Shon Sang Hyun, Heo Sung Hyuk, Kim Bum Joon, Choi Hye-Yeon, Kwon Youngnam, Yi Sang Hun, Lee Ji Sung, Kim Young Seo, Kim Hyun Young, Koh Seong-Ho, Chang Dae-Il
Department of Neurology, Kyung Hee University College of Medicine, Seoul, South Korea.
Department of Neurology, Kyung Hee University College of Medicine, Seoul, South Korea.
J Stroke Cerebrovasc Dis. 2016 Oct;25(10):2543-8. doi: 10.1016/j.jstrokecerebrovasdis.2016.06.035. Epub 2016 Jul 18.
Symptomatic intracerebral hemorrhage (sICH) is one of the most feared complications after administration of intravenous recombinant tissue plasminogen activator (IV rtPA). The aim of this study was to determine correlations between hemorrhage volume (HV) after IV rtPA treatment and risk factors for sICH.
We analyzed 318 patients from the stroke registries of 4 hospitals in Korea. We confirmed hemorrhage by computed tomography (CT) or magnetic resonance imaging within 36 hours. Patient groups were classified by HV (0, 0-10, 10-25, and greater than 25 mL). Based on the HV, we evaluated the following: (1) predictors for hemorrhage; (2) rates of sICH according to various sICH definitions; and (3) 3-month functional outcomes after IV rtPA treatment.
Among the 318 patients, hemorrhage occurred in 72 patients. HV was significantly correlated with atrial fibrillation (OR = 3.38, 95% CI = 1.87-6.09), early CT changes (OR = 3.17, 95% CI = 1.69-5.93), and dense artery sign (OR = 1.90, 95% CI = 1.07-3.39). Compared with the groups with HV less than 25 mL, patients with an HV of greater than 25 mL were more likely to have higher mortality rates (33.3% versus 11.8%) and worse outcomes at 3 months (good: 8.3% versus 50.3%; excellent: 0% versus 33.7%).

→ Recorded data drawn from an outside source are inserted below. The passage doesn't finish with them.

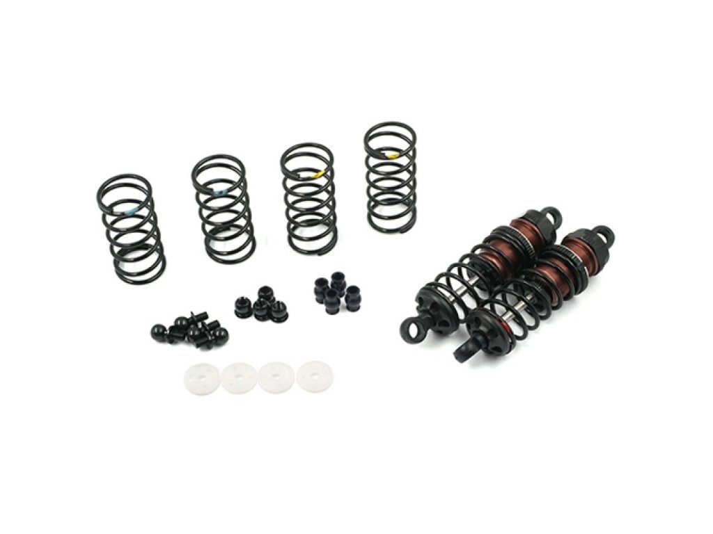 Big Bore Go! sada velkoobjemových tlumičů - přidejte olej a můžete vyrazit! Obsahuje dva různé typy kulových čepů pro různé typy vozů. Součástí jsou různé pružiny, abyste si mohli vyladit tvrdost odpružení a nemuseli po zakoupení této sady tlumičů hledat jiné pružiny. Pokud to s laděním myslíte opravdu vážně, jsou součástí balení také pístky s různým vrtáním, abyste mohli nastavit, jak tlumič reaguje na tlumicí olej.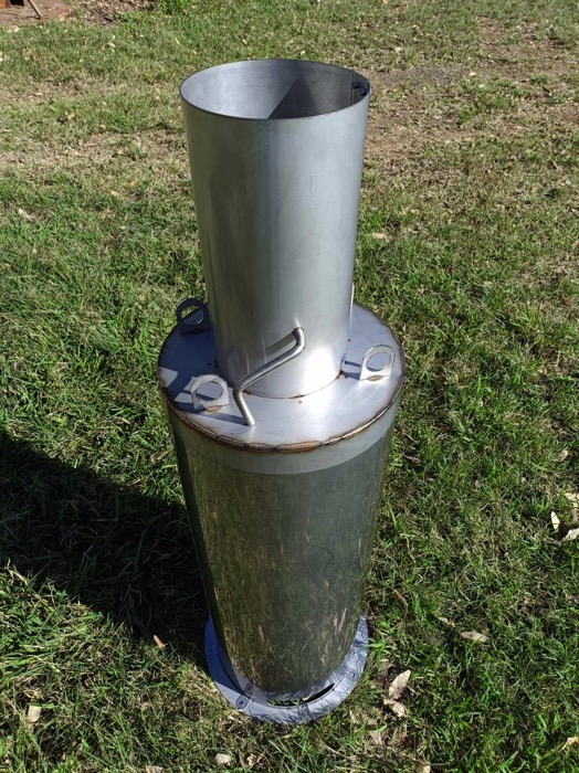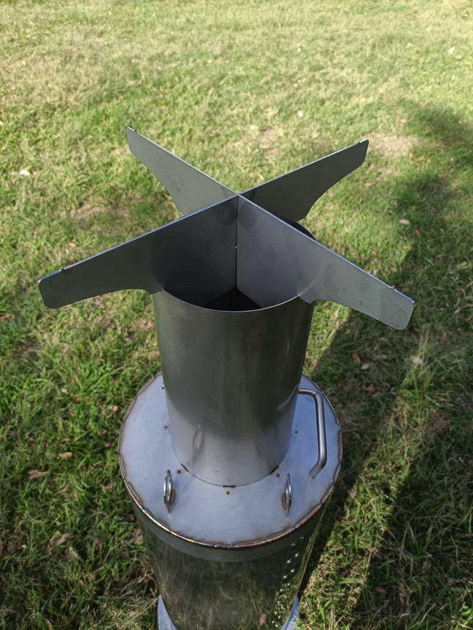 Please use caution. If there was a lot of smoke open the damper up again and the burn will resume once oxygen is introduced back into the system. Let it burn for another 10 minutes and try again. Another caution when opening up the damper after checking there will be a large fireball/flame shoot out the top, best to keep your head clear or if you’re wearing a synthetic wig this might not be the best combination. This is probably a good time to mention that if you’re using this under a tree that would be a bad idea or near anything loose and or flammable that would also be about idea or near your stockpile of petrol / gasoline, that would also be a very bad idea. There are so many very bad ideas that I would run out of time and could consume a lot of paper in telling you about them.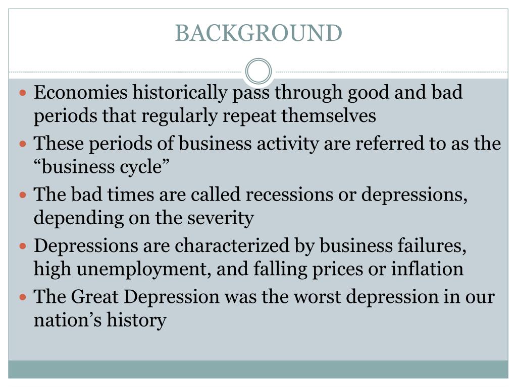 BACKGROUND Economies historically pass through good and bad periods that regularly repeat themselves These periods of business activity are referred to as the “business cycle” The bad times are called recessions or depressions, depending on the severity Depressions are characterized by business failures, high unemployment, and falling prices or inflation The Great Depression was the worst depression in our nation’s history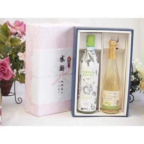 春の贈り物便り 感謝の贈り物ボックス イタリアソアーヴェ白ワインと国産ワインセット(信州シャインマスカット&ナイアガラ スパークリングワインやや甘口(長野県)500mlフォレスタ ナティヴァ ソアーヴェ (イタリア) 750ml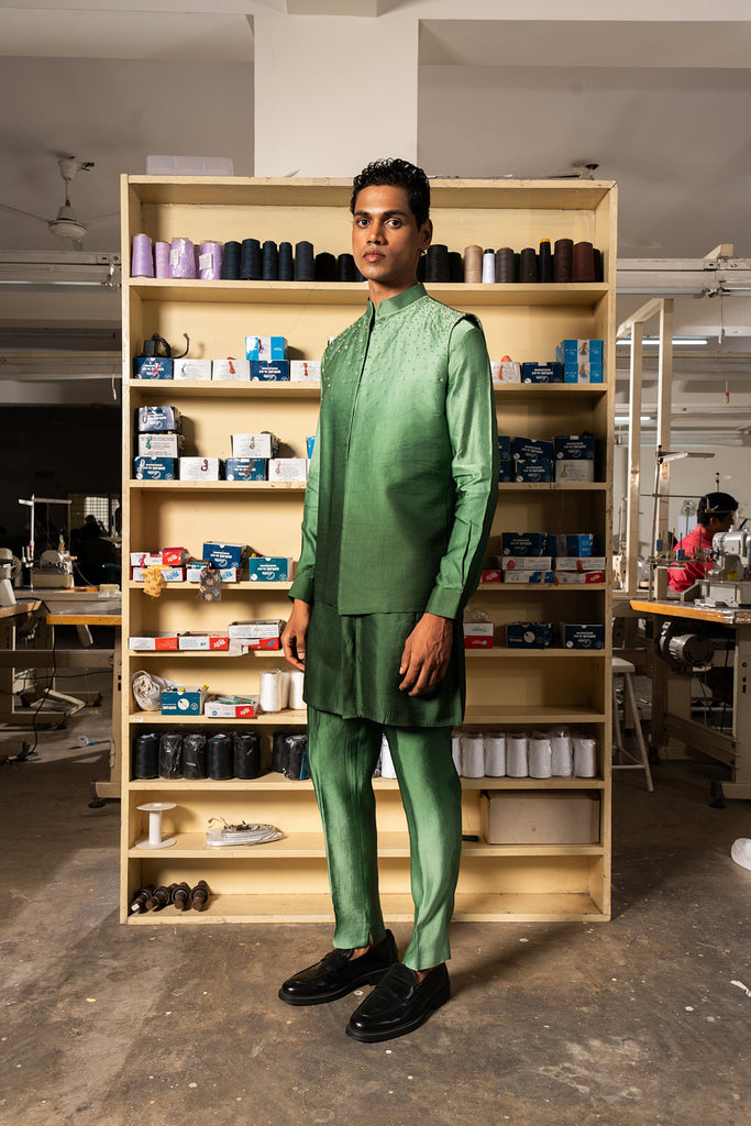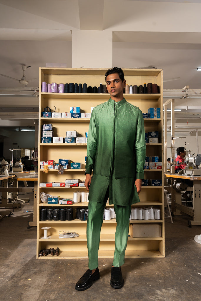 GREEN YAARA OPEN BANDI WITH MATCHING KURTA PAJAMA SET

HV after IV rtPA is an important predictor of clinical outcomes. Atrial fibrillation, early CT changes, and dense artery sign were significantly associated with large HVs; therefore, these patient factors might be considered before and after thrombolytic treatment.
症状性脑出血(sICH)是静脉注射重组组织型纤溶酶原激活剂(IV rtPA)后最令人担忧的并发症之一。本研究的目的是确定IV rtPA治疗后出血量(HV)与sICH危险因素之间的相关性。

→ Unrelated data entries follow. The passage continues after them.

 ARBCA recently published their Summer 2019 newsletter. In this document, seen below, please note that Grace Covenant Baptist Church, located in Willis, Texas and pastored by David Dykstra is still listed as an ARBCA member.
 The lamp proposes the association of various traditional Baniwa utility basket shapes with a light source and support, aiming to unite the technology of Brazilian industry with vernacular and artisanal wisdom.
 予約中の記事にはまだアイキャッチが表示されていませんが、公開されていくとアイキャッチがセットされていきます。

我们分析了韩国4家医院卒中登记处的318例患者。我们在36小时内通过计算机断层扫描(CT)或磁共振成像确认出血情况。患者组按HV(0、0 - 10、10 - 25以及大于25 mL)进行分类。基于HV,我们评估了以下内容:(1)出血的预测因素;(2)根据各种sICH定义的sICH发生率;(3)IV rtPA治疗后3个月的功能结局。
在318例患者中,72例发生出血。HV与心房颤动(OR = 3.38,95% CI = 1.87 - 6.09)、早期CT改变(OR = 3.17,95% CI = 1.69 - 5.93)以及动脉高密度征(OR = 1.90,95% CI = 1.07 - 3.39)显著相关。与HV小于25 mL的组相比,HV大于25 mL的患者死亡率更高(33.3%对11.8%),且3个月时结局更差(良好:8.3%对50.3%;优秀:0%对33.7%)。
IV rtPA治疗后的HV是临床结局的重要预测指标。心房颤动、早期CT改变和动脉高密度征与大的HV显著相关;因此,在溶栓治疗前后可能需要考虑这些患者因素。